The book must be read linearly, and direct access to specific
points within the DTB is not possible.
[0019] 2) Audio with NCX (Navigation Control File for XML
Applications): This type of DTB includes structure. The NCX is the
Navigation Control Center, which is a file containing all of the
points within the book to which the user may navigate. The XML
textual content file, if present, contains only the structure of
the book and may contain links to features, such as narrated
footnotes, etc. This is the most common form of DTB and works well
for stand-alone players.
[0020] 3) Audio with NCX and partial text: This type of DTB
includes structure and some additional text. The XML textual
content file contains only the structure of the book and the text
of components where keyword searching and direct access to the text
would be beneficial, e.g., index, glossary, etc.

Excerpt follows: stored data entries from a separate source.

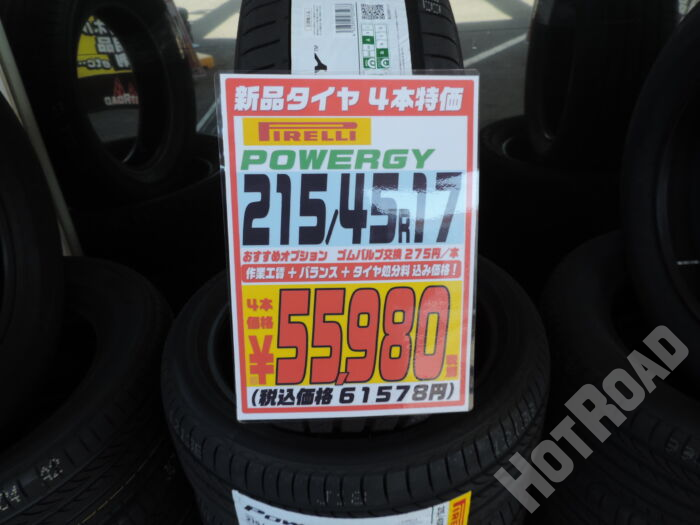 HOME > カー用品 > 各務原店 > 【新品タイヤ】4本特価 215/45R17 ピレリ POWERGY
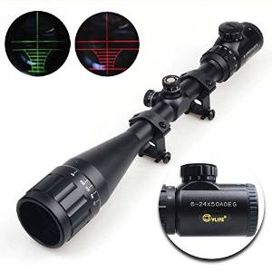 CVLIFE Optics Hunting Rifle Scope 6-24x50 AOE Red & Green Illuminated Crosshair Gun Scopes With Free Mounts
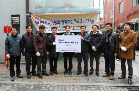 한편, 현대엔지니어링은 해마다 연말이 되면 지역사회 주민들의 따뜻한 겨울나기를 위해 지난 2009년부터 연탄배달봉사를 이어오고 있으며, 올해 11월에는 자선바자회 수익금으로 종로구 쪽방촌 주민들을 위한 나눔의 쌀을 기부하며 이웃사랑을 실천한 바 있다.
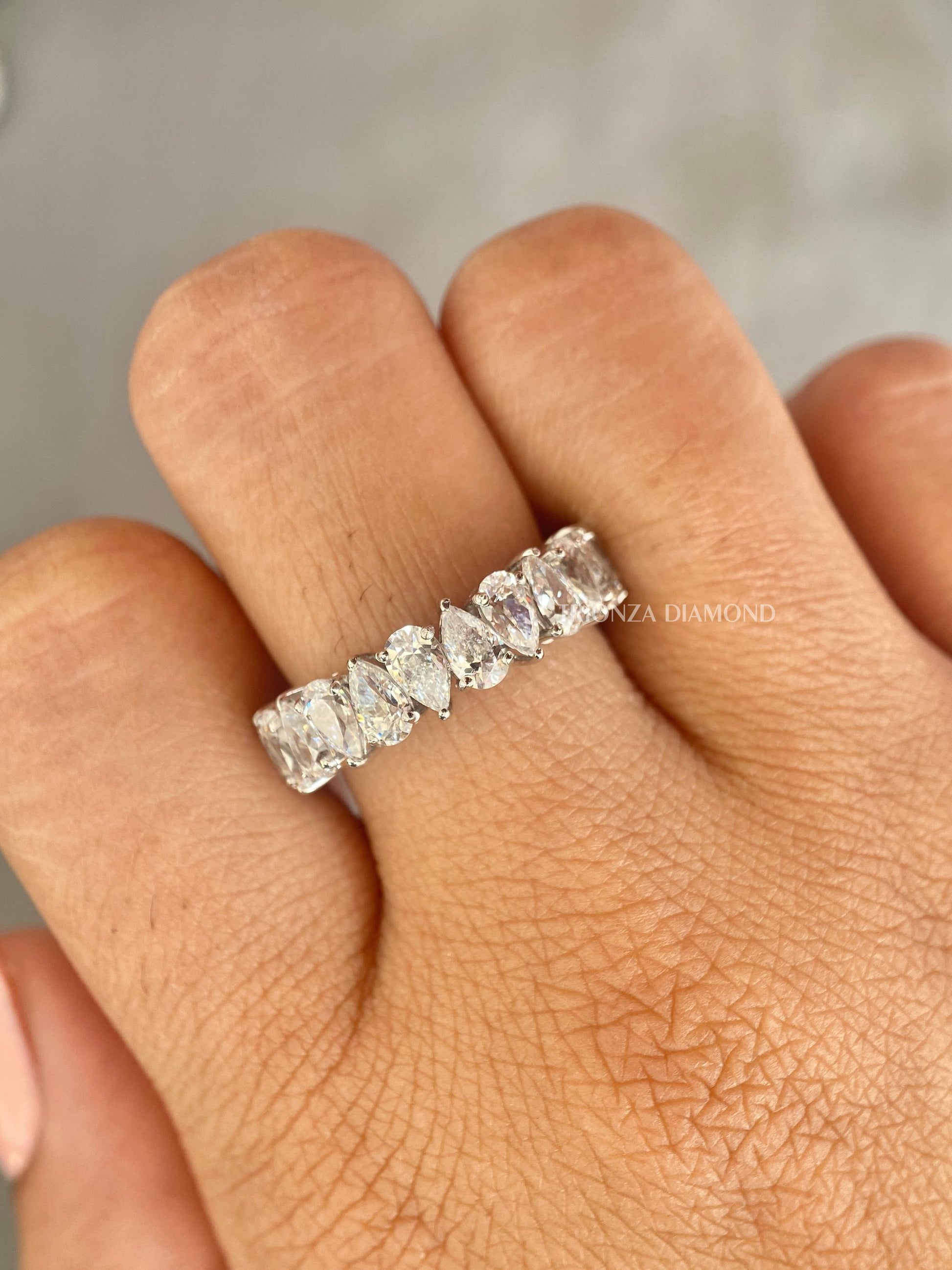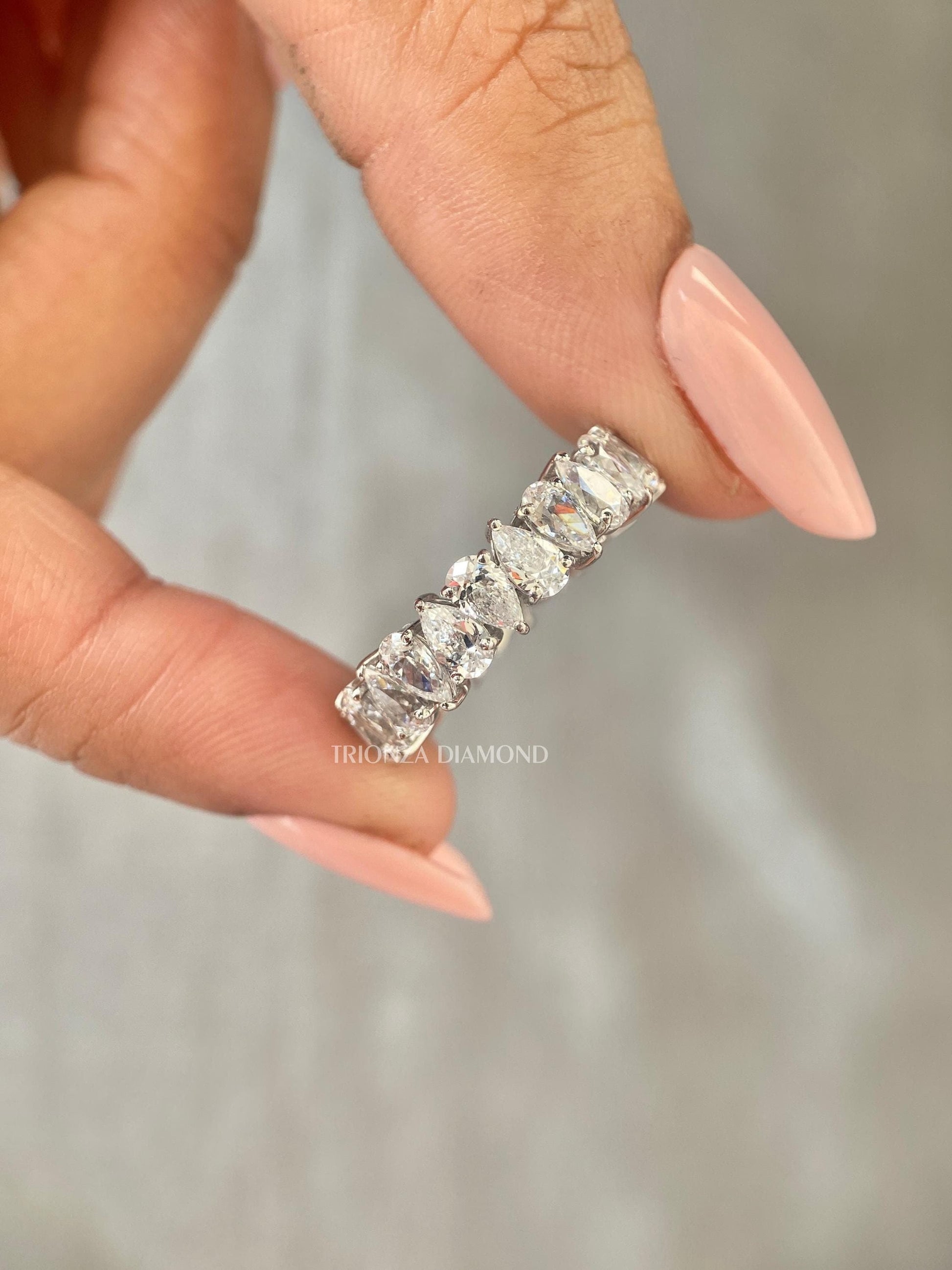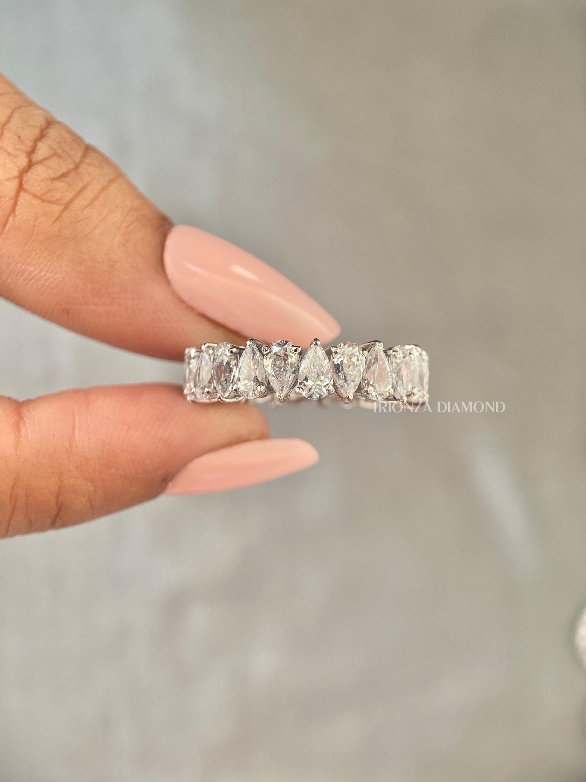 Discover our exquisite Pear Lab Grown Diamond Full Eternity Band, crafted in 14K White Gold. This stunning ring features FE/VS Lab Created Diamonds, perfect as a stackable band, wedding ring, proposal ring, anniversary gift, or a beautiful piece of diamond jewelry for women.

[0021] 4) Audio and full text: This type of DTB includes structure,
complete text, and complete audio. This form of a DTB is the most
complex, but provides the greatest level of access for the user.
The XML textual content file contains the structure and the full
text of the book, and the audio and the text portions of the DTB
are synchronized together during playback.
[0022] 5) Full text and some audio: This type of DTB includes
structure, complete text, but only includes limited audio. The XML
textual content file for this DTB contains the structure and the
text of the book. The audio files contain recordings of parts of
the text. This type of DTB would be well suited for use as a
dictionary, for example, as only pronunciations would be provided
in audio form.
[0023] 6) Text and no audio: This type of DTB includes E-text with
structure. The XML textual content file contains the structure and
text of the book, but there are no audio files.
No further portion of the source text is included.